Chinelo Okparanta, Sous les branches de l’udala

souslesbranchesdeludalaRentrée littéraire 2018 (15)
« Le bruit des avions au-dessus de nous était de plus en plus fort, ont suivi des cris, des bruits de pas, d’objets, de corps qui s’écrasent. »

En 1968, en pleine guerre entre le Nigeria et le Biafra, le père de la jeune Ijeoma est victime d’un raid aérien. Restée seule, avec des ressources qui vont s’amenuisant, sa mère ne voit d’autre solution que de placer l’adolescente chez le professeur et sa femme, des amis de la famille. Là, Ijeoma fait la connaissance d’une fille de son âge, et se rend compte qu’elle est attirée par elle. Quand cette relation scandaleuse est découverte et la jeune fille renvoyée auprès de sa mère, celle-ci entreprend de longues leçons autour de la Bible pour la remettre dans le droit chemin. Car le poids de la religion est énorme. Plus tard, en pension, Ijeoma et Amina se retrouvent…

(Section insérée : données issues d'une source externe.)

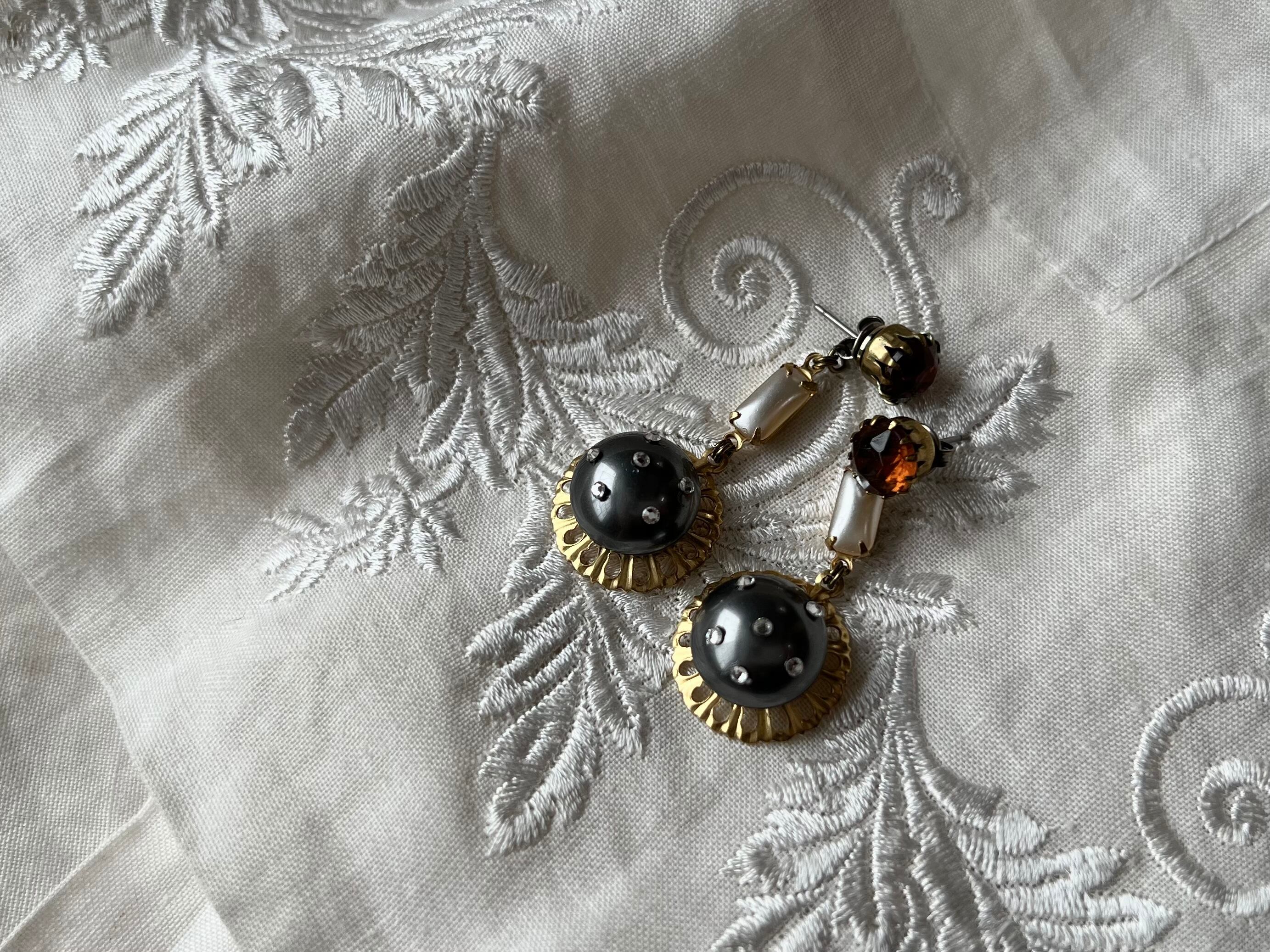 琥珀色のチェコガラスカボションがアンティーク感を高め、それを繋ぐミリアムハスケルのパールは上品に両者を引き立てています。

« D’accord, la femme avait été créée pour l’homme. Mais en quoi cela excluait-il le fait qu’elle ait pu aussi être créée pour une autre femme ? De même que l’homme pour un autre homme ? Les possibilités étaient infinies, et chacune d’entre elles tout à fait possible. »
Le roman retrace la parcours de la jeune fille, puis jeune femme, de 1968 à 1980. Portée par une belle écriture, l’histoire d’Ijeoma, dont elle-même est la narratrice de longues années plus tard, ne manque pas de force ni d’une grande tension, car sa vie, lorsqu’elle fréquente d’autres jeunes femmes, est constamment menacée. Tout doit rester parfaitement secret, les lapidations sont monnaie courante et considérées comme « normales » pour punir ces « abominations ». L’auteure tente de donner les clefs pour comprendre la psychologie des personnages, et y réussit fort bien avec Ijeoma et avec les jeunes gens, des deux sexes, de sa génération, peut-être un peu moins avec les personnes plus âgées, quoique le portrait de la mère d’Ijeoma aille en s’affinant au fil des pages.
Si l’évolution des mentalités est lente, très lente, elle commence justement par l’amour maternel ou l’amour filial, qui sont les premiers à faire preuve d’une certaine compréhension. Publié en 2015, il est précisé en note du roman que la loi, au Nigéria, punit d’emprisonnement les relations entre personnes du même sexe, et que la lapidation est toujours prévue dans les états du Nord.
Plus que nécessaire, un très beau roman, très prenant, qui rappelle que ce qui peut sembler acquis dans les pays occidentaux, et encore, si peu, reste totalement occulté, car hors-la-loi, dans d’autres contrées.

Chinelo Okparanta est née à Port-Harcourt, au Nigéria, et vit aux États-Unis depuis l’âge de dix ans. Sous les branches de l’udala est son premier roman.
La littérature de ce pays est décidément riche avec également Chimamanda Ngozie Adichie (L’autre moitié du soleil, Americanah), Chigozie Obioma (Les pêcheurs), A. Igoni Barrett (Love is power ou quelque chose comme ça), Abubakar Adam Ibrahim (La saison des fleurs de flammes) ou Chibundu Onuzo (La fille du roi araignée)…

Sous les branches de l’udala (Under the udala trees, 2015) de Chinelo Okparanta, éditions Belfond (août 2018), traduit de l’anglais par Carine Chichereau, 371 pages.

Cathulu a trouvé le roman trop didactique, c’est un récit majeur pour Jostein, un coup de cœur pour Stephie.
Un grand merci à Lecteurs.com
Lecture pour le Nigeria (Lire le monde).
Lire-le-monde

20 commentaires sur « Chinelo Okparanta, Sous les branches de l’udala »

  1. Je ne sais pas… Je ne perçois pas assez d’enthousiasme autour de ce roman pour m’y lancer dans l’urgence mais le sujet vaut sûrement le détour, oui.